Le souvenir des 136 militaires canadiens tués est d'autant plus déchirant que les motifs et surtout les résultats de notre présence en cette terre hostile sont discutables. De la chasse aux terroristes, le motif s'est transformé en mission de mise en œuvre de la démocratie dans un pays qui ne l'avait pas connue. Si les motifs étaient nobles, les résultats sont affligeants. Et ce n'est pas faute d'avoir des soldats bien formés, compétents et habiles. Notre présence en terre afghane n'a pas été sollicitée par les Afghans, mais par les Américains. Si les résultats sont affligeants, c'est dû aux décisions politiques qui ont maladroitement initié le processus de démocratisation de l'Afghanistan.

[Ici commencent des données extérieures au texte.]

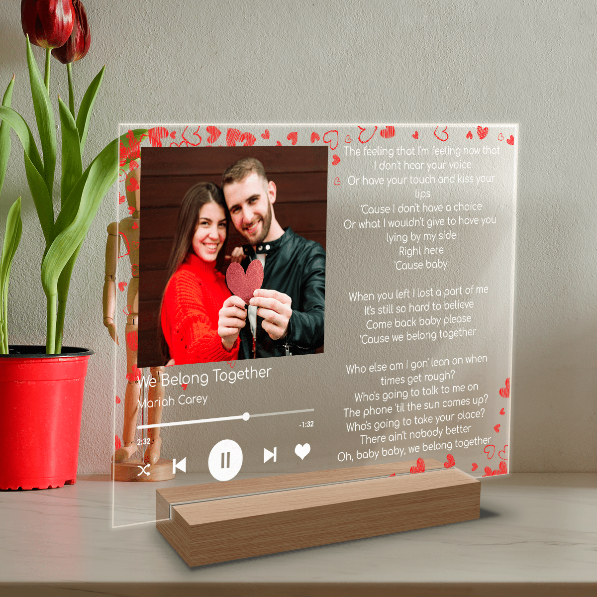 Romantischer Song - Druck auf Glas, personalisiertes Geschenk für Paar
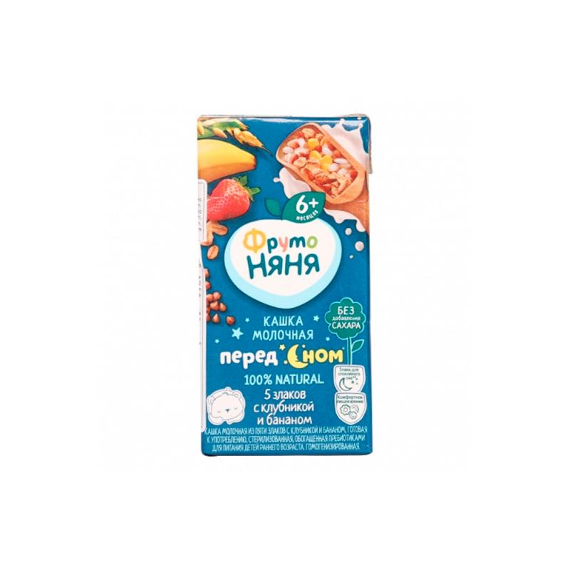Кашка молочная из пяти злаков с клубникой и бананом, готовая к употреблению, стерилизованная, обогащенная пребиотиками для питания детей дошкольного и школьного возраста. Гомогенизированная.

Autant les motifs de l'engagement des troupes canadiennes en Europe étaient clairs en 1941 pour les Canadiens, autant ceux de la guerre en Afghanistan demeurent une source de confusion. Avant de poursuivre notre engagement au-delà de 2011, il faut se demander si nous avons des chances réalistes de succès avant de demander à davantage de jeunes soldats d'y risquer leur vie.